Tickers in this article: MSG TWC CVC

NEW YORK (TheStreet) -- A month after "Linsanity" hit its peak in the New York area, there are a trail of winners and losers on and of the court.   

During seven straight wins with Knicks phenom Jeremy Lin in the lineup, New York hoops diehards, fair-weather fans and even the governor were crying foul on a standoff between Madison Square Garden(MSG) , the owner of the Knicks television rights, and Time Warner Cable(TWC) , a powerhouse cable provider to the region. While the standoff benched Lin in the living rooms of nearly 3 million local viewers, a truce brokered hours before the tip off of Lin's eighth start may have been the high-water mark of Linsanity.

             
Jeremy Lin helped end a MSG and Time Warner standoff, but who won?  

Since MSG and Time Warner settled, the Knicks have cooled to a 6-9 record, but the best New York basketball story in a generation has created off-court financial winners and losers.    

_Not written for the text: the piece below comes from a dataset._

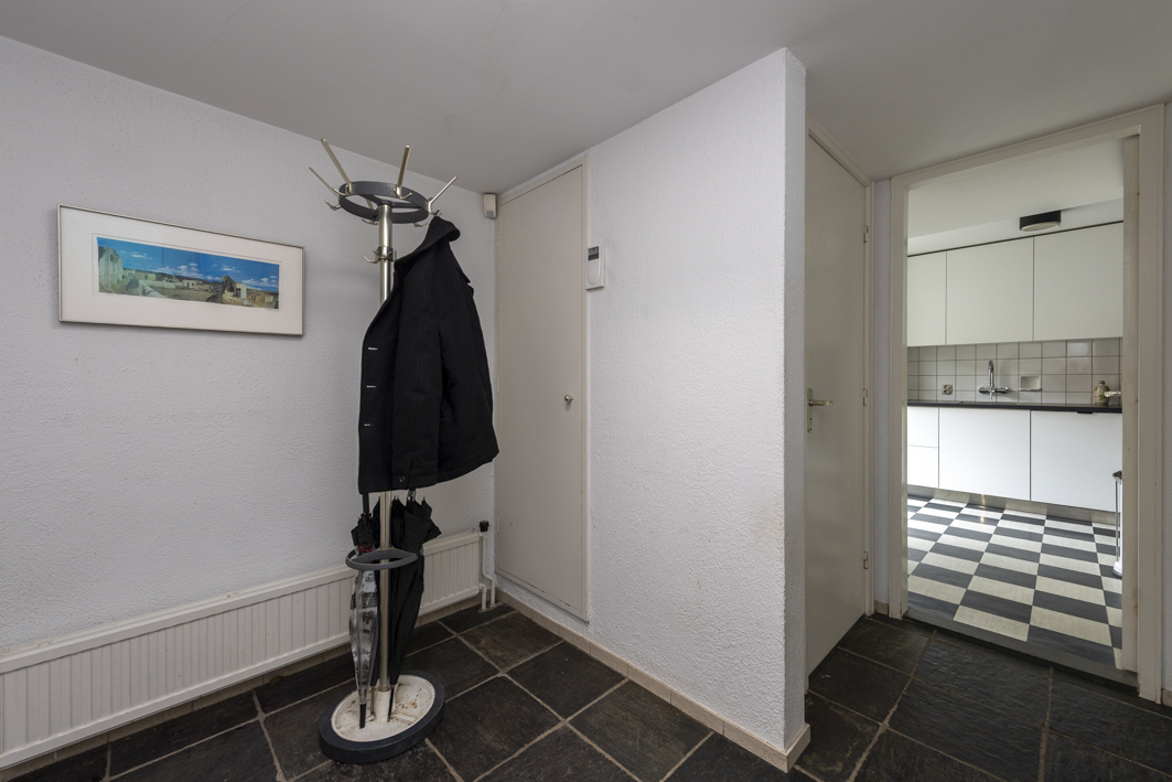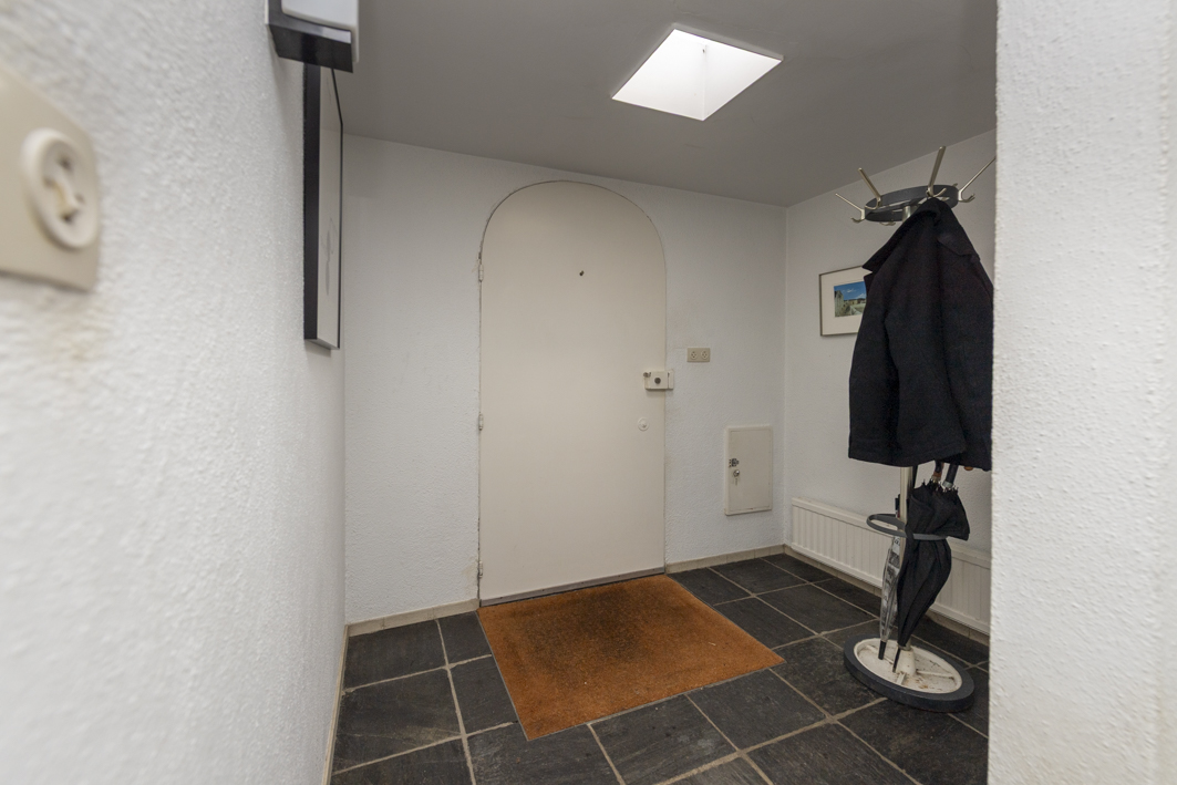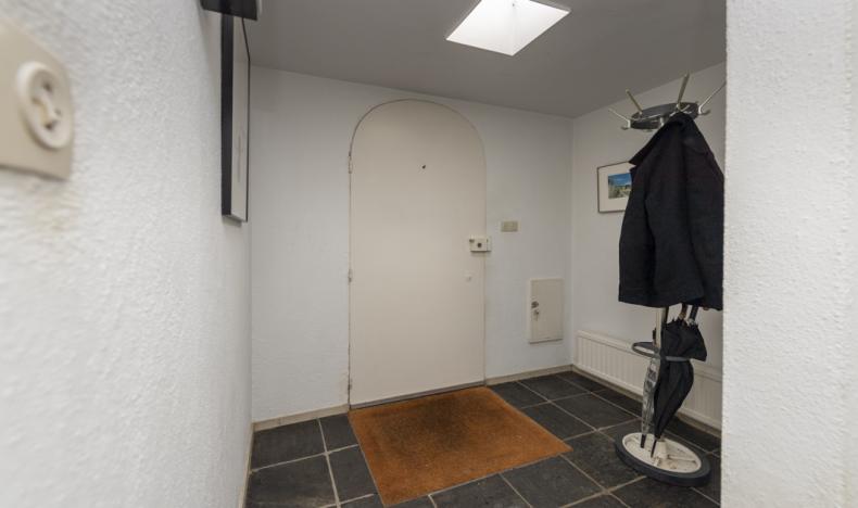 Via de hal met leisteen vloer bereikt u het toilet met fontein, de meterkast, woonkamer en keuken.

"The timing went to MSG's favor," says Martin Pyykkonen of Wedge Partners, when reflecting on the programming settlement agreed on Feb. 17. "It was not so great for Time Warner Cable to play hard ball," he adds of the dispute, which started with the New Year and ended after a 48-day blackout.  

As 2011 drew to a close, MSG and Time Warner Cable were unable to come to terms on the price of a carriage renewal for the network that carries the Knicks and New York Rangers ice hockey team, causing a blackout of games to large chunks of New York. Time Warner Cable argued that MSG was trying to extract an over 50% price increase, while MSG said that the lift was closer to 6%, fair compensation for the improving teams. Analysts say that the settlement was somewhere in between, with a Lin-fueled Knicks surge putting the ball in the court of MSG, after Time Warner Cable began negotiations on the offensive.